É sinal de inteligência e sabedoria falar pouco, falar bem e não falar mal de ninguém.
Contudo, calar-se é ainda mais importante quando calar-se é dizer tudo.
Há quem se cale por não ter realmente nada para nos dizer, mas há também quem se cale por omissão, quando seria um dever falar, escrever, gritar, colocar a boca no trobone, como se dizia antigamente.
Calar-se na hora certa e por motivos certos é uma verdadeira arte cujas regras um pequeno livro do Abade Dunouart quer nos transmitir. Autor francês do século XVIII, suas admoestações para que façamos silêncio, ainda hoje são pertinentes.
Sutileza não lhe falta. Ao mesmo tempo que recomenda o silêncio, lembra que há silêncios falsos, aqueles que simulam uma sabedoria, que, de fato, inexiste. Nem sempre calar-se significa profundidade de pensamentos Pelo contrário, é camada de verniz que recobre um vazio sepulcral.

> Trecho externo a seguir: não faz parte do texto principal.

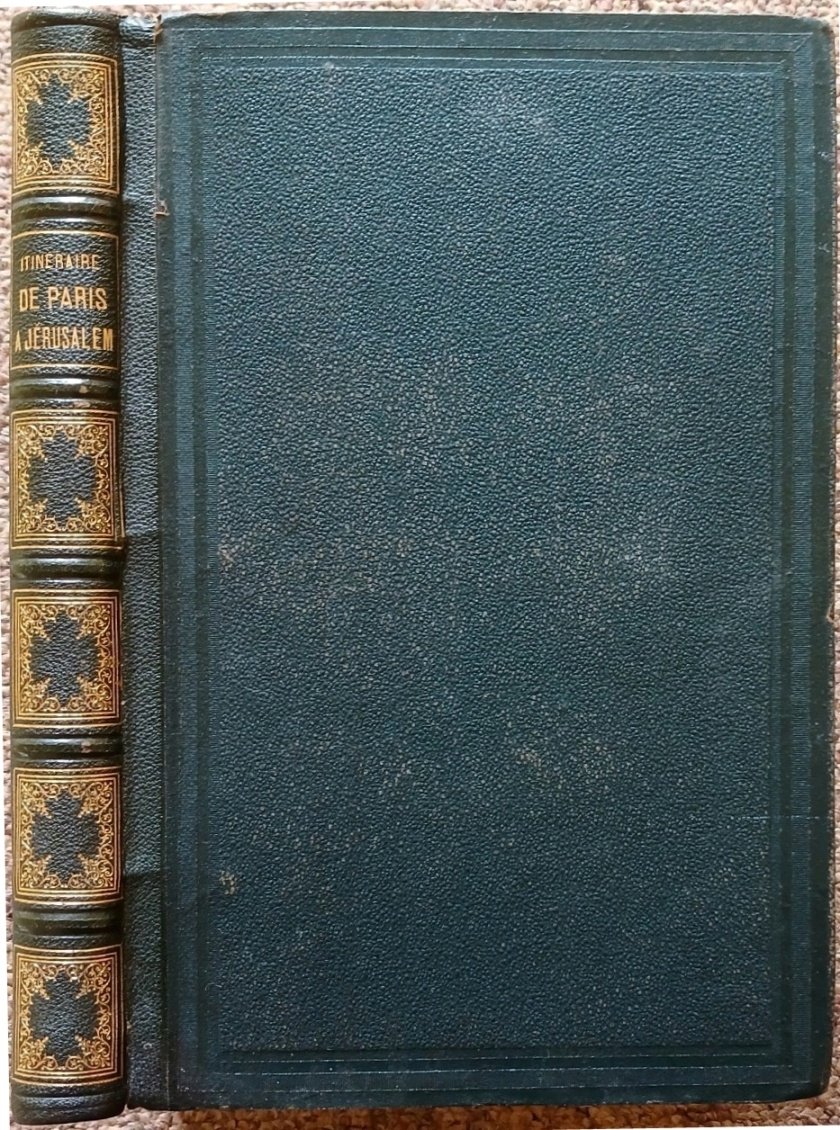 No added marks or inscriptions. No creasing to covers or to spine. Clean very tight pages with some foxing and with very slightly rubbed, debossed unmarked boards, very clear gilt embossing and lettering to bright seven-ridged spine, all page edges bright gilt, a little bumping/rubbing to edges and corners and damp mark to lower spine corner/some pages and also to upper edge of pages towards end of book. 348pp. The author set out in 1806 to travel from Paris to Jerusalem. This is an account of his travels and adventures. All text in French.

Mas há ainda outros silêncios e, alguns deles, diabólicos.Há o silêncio manipulador, há o silêncio torturante, o silêncio chantagista, o silêncio rancoroso, o silêncio conivente, o silêncio de zombaria,o silêncio imbecil, o silêncio do desprezo. Há pessoas que matam com seu silêncio. Há silêncios que esmagam a justiça e a bondade na calada da noite.
Por isso, o silêncio rico de significado é, ainda mais apreciável e luminoso.

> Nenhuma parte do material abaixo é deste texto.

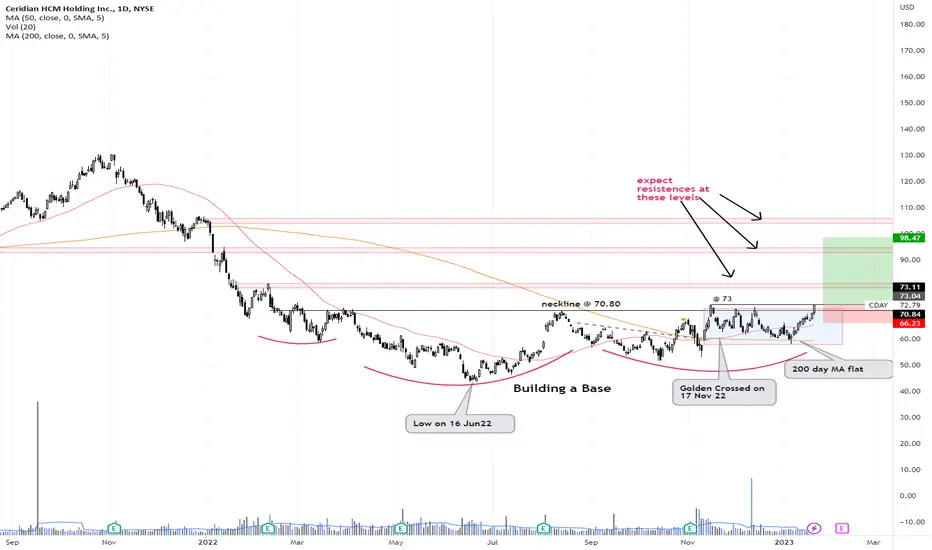 CDAY had been basing since hitting low on 16 June 2022 (7 months now). It formed a Golden Cross on 17Nov 2022 (2 months+ ago) but continued to trade flip flopped within a sideway range while it's 200 day moving average began to flatten out.

Falo do silêncio que prenuncia novas palavras.
Falo do silêncio que é solidariedade na dor.
Falo do silêncio que soluciona cisões.
Falo do silêncio que pergunta.
Falo do silêncio que perdoa.
Falo do silêncio que ama.
O silêncio mais puro é aquele que guarda confidência.Este silêncio jamais é excessivo. Não se deve apregoar aos quatro ventos, o que foi murmurado na intimidade da amizade e do amor.
O silêncio mais sábio é aquele que fazemos diante dos impertinentes, intolerantes e desbocados. É o silêncio do Cristo inocente, diante dos acusadores, o silêncio dos espaços infinitos, diante da quase infinita capacidade nossa de falar ou escrever sem razão.
Calar na maneira certa é deixar que uma voz mais profunda seja ouvida. A voz severa, a voz serena, a voz suave e firme da verdade.
O verdadeiro silêncio diz a verdade que não se pode calar.
O verdadeiro silêncio nunca será cedo demais.
Quero ouvir o silêncio que tudo explica.